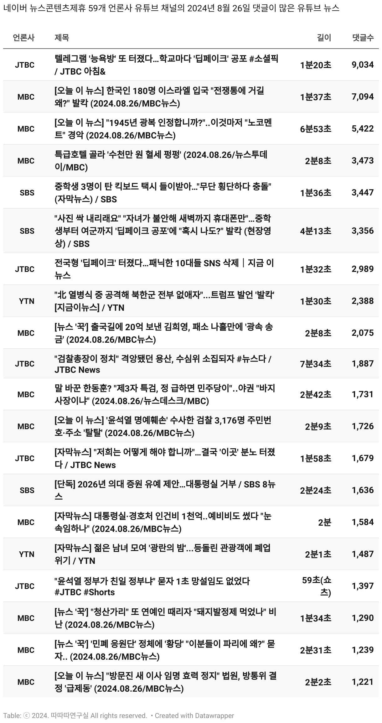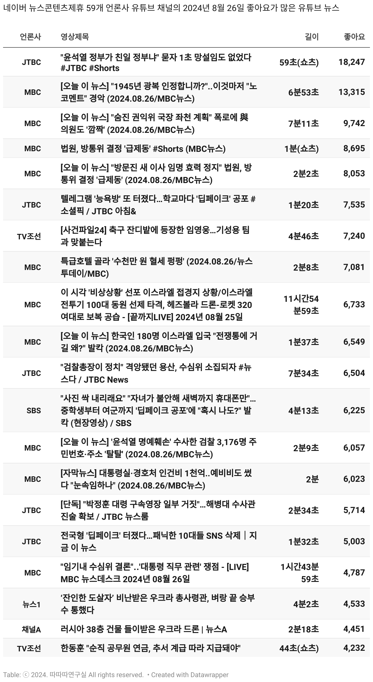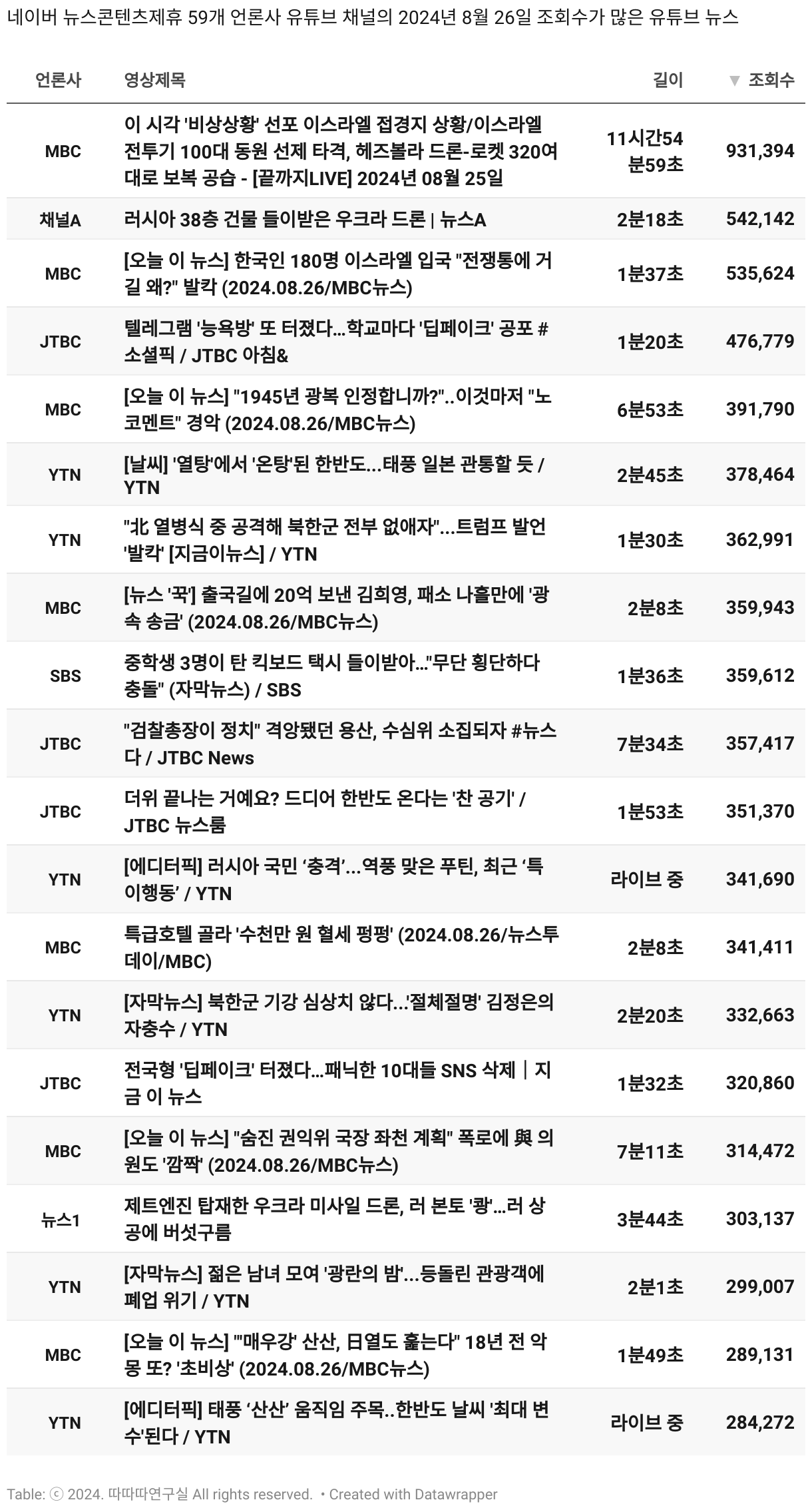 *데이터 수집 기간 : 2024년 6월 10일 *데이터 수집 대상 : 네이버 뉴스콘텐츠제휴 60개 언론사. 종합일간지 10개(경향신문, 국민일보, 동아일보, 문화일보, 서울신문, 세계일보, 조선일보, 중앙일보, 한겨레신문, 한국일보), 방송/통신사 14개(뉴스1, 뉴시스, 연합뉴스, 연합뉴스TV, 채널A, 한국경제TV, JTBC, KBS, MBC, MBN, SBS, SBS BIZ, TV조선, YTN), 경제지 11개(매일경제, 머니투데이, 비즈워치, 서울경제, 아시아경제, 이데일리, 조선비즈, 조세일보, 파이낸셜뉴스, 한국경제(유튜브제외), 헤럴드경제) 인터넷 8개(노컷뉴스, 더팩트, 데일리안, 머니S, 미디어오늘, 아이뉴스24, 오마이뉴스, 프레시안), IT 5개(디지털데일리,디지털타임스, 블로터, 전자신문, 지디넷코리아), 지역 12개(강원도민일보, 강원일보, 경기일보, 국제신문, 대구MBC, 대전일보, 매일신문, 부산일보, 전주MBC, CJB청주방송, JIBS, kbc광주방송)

* * *

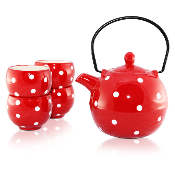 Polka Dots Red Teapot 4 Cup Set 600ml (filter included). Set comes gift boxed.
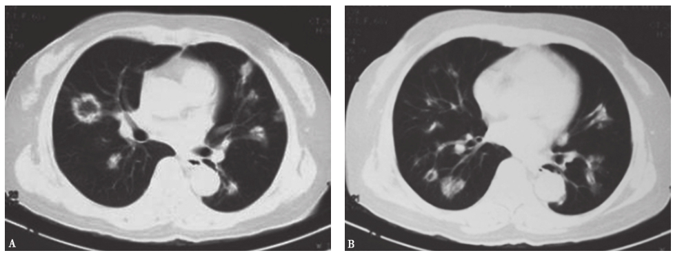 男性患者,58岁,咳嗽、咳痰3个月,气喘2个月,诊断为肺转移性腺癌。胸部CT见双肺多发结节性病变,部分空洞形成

» Problem details
In the entries above, find the line with "Polka Dots Red" and the line with "男性患者,58岁,咳嗽、咳痰". Return exactly those lines and all the ones between them, pictures excluded.

» Answer to the exercise
 Polka Dots Red Teapot 4 Cup Set 600ml (filter included). Set comes gift boxed.
 男性患者,58岁,咳嗽、咳痰3个月,气喘2个月,诊断为肺转移性腺癌。胸部CT见双肺多发结节性病变,部分空洞形成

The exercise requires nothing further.